(Extracted data entries)

************

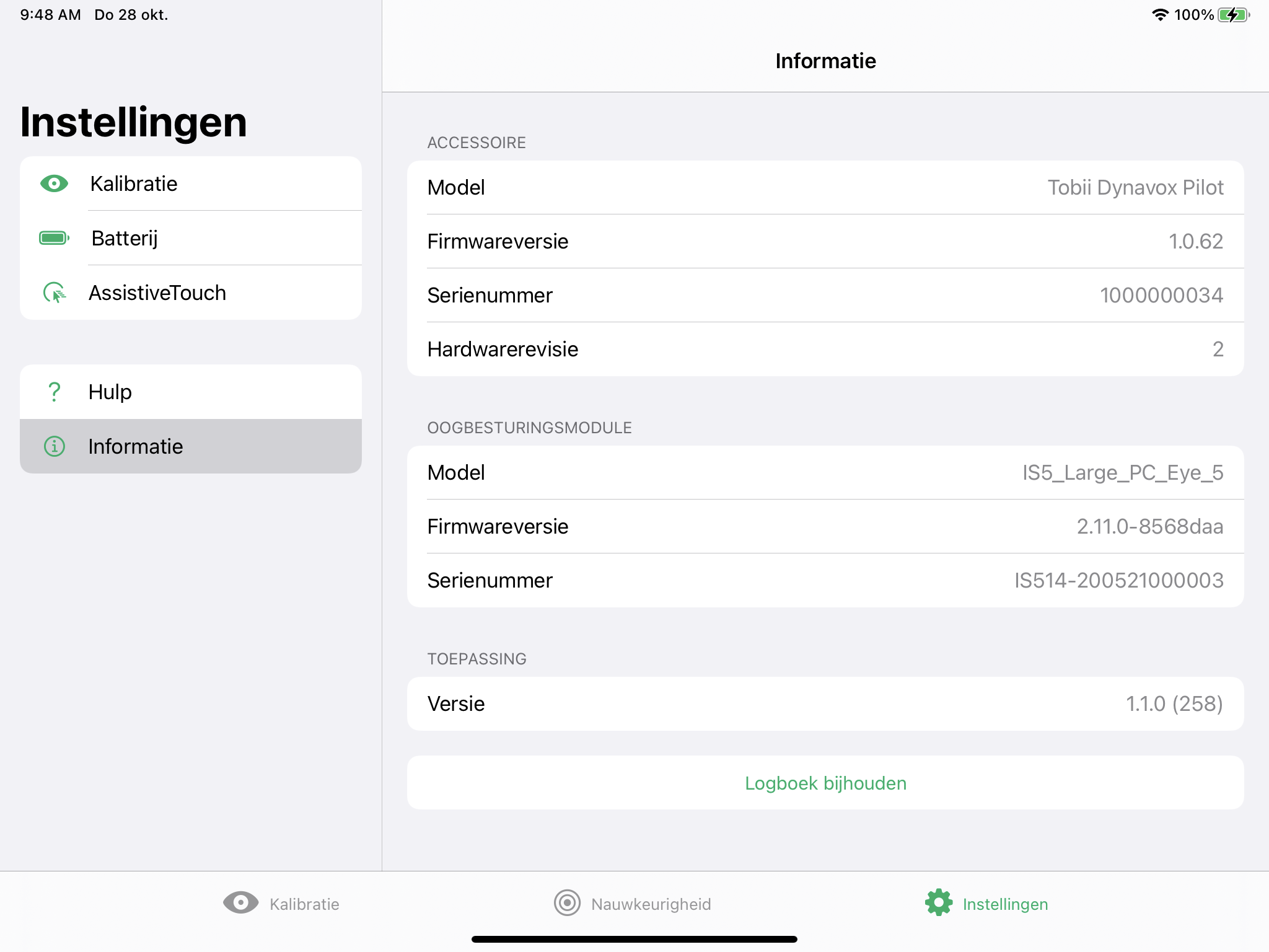 Om de logboeken voor de TD Pilot en oogbesturingsmodule bij te houden:
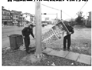 | 图为路政执法人员清理路边广告牌,保畅通保安全。 |
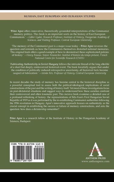 This book explores the memory of the First Hungarian Soviet Republic of 1919, which proved crucial for communist Hungarian political culture throughout the twentieth century. Apor takes an innovative approach to understudied aspects of European memory cultures, focusing particularly on how a dictatorship remembers and the concept of authenticity.
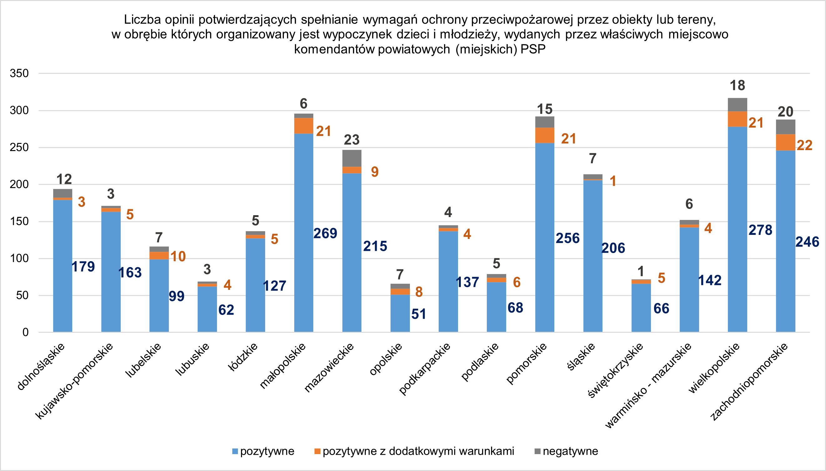 Działania te obejmują m. in. wydawanie przez właściwych miejscowo komendantów powiatowych (miejskich) PSP opinii potwierdzających spełnianie wymagań ochrony przeciwpożarowej przez obiekty lub tereny, w obrębie których organizowany jest wypoczynek dzieci i młodzieży.
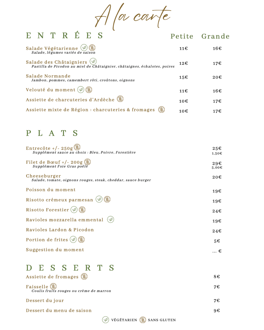 A la carte, vous trouverez une déclinaison de plus de 20 propositions, avec notamment des plats végétariens.
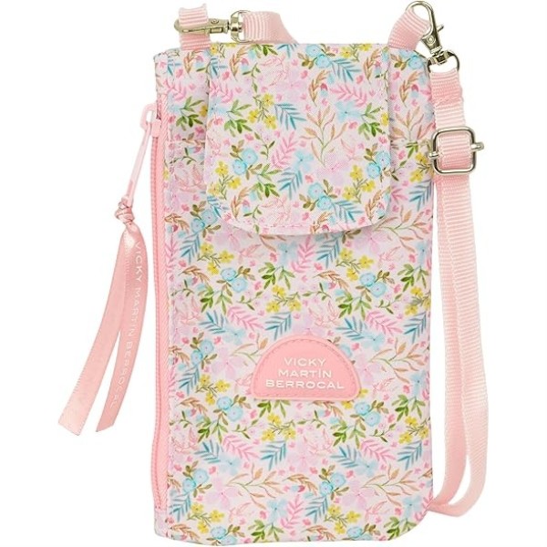 Portamóvil Vicky Martín Berrocal confeccionado en poliéster de alta resistencia con cremalleras suaves. Dispone de alojamiento para teléfono móvil de hasta 6,9 pulgadas y compartimento independiente con cremallera para monedas u objetos pequeños. Incluye cordón ajustable para llevar colgado con total comodidad. Medidas: 19x10 cm.
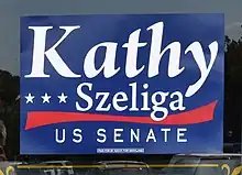 Kathy Szeliga (born October 10, 1961) is an American politician who has served as a Republican member of the Maryland House of Delegates since January 12, 2011, and as Minority Whip from 2013 to 2021. Szeliga was the Republican nominee for the United States Senate in 2016 to replace Barbara Mikulski, who retired.[1]
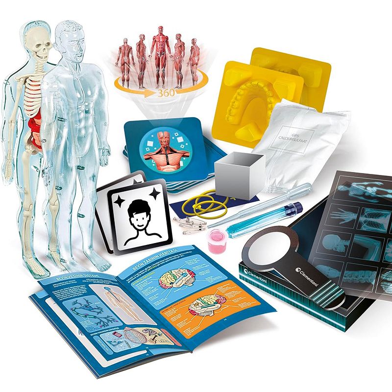 Zawartość zestawu: model ludzkiego ciała: narządy, szkielet, przezroczysta osłona, tablica anatomiczna, plansza RTG, okular, formy na odciski zębów, gips, farba plakatowa, taśma klejąca dwustronna, plastikowa kostka, pipeta

************

_What to produce_
Can the lines from the one with "Portamóvil Vicky Martín" to the end of the records above be quoted exactly, both ends included, with every picture omitted?

_Result for this task_
 Portamóvil Vicky Martín Berrocal confeccionado en poliéster de alta resistencia con cremalleras suaves. Dispone de alojamiento para teléfono móvil de hasta 6,9 pulgadas y compartimento independiente con cremallera para monedas u objetos pequeños. Incluye cordón ajustable para llevar colgado con total comodidad. Medidas: 19x10 cm.
 Kathy Szeliga (born October 10, 1961) is an American politician who has served as a Republican member of the Maryland House of Delegates since January 12, 2011, and as Minority Whip from 2013 to 2021. Szeliga was the Republican nominee for the United States Senate in 2016 to replace Barbara Mikulski, who retired.[1]
 Zawartość zestawu: model ludzkiego ciała: narządy, szkielet, przezroczysta osłona, tablica anatomiczna, plansza RTG, okular, formy na odciski zębów, gips, farba plakatowa, taśma klejąca dwustronna, plastikowa kostka, pipeta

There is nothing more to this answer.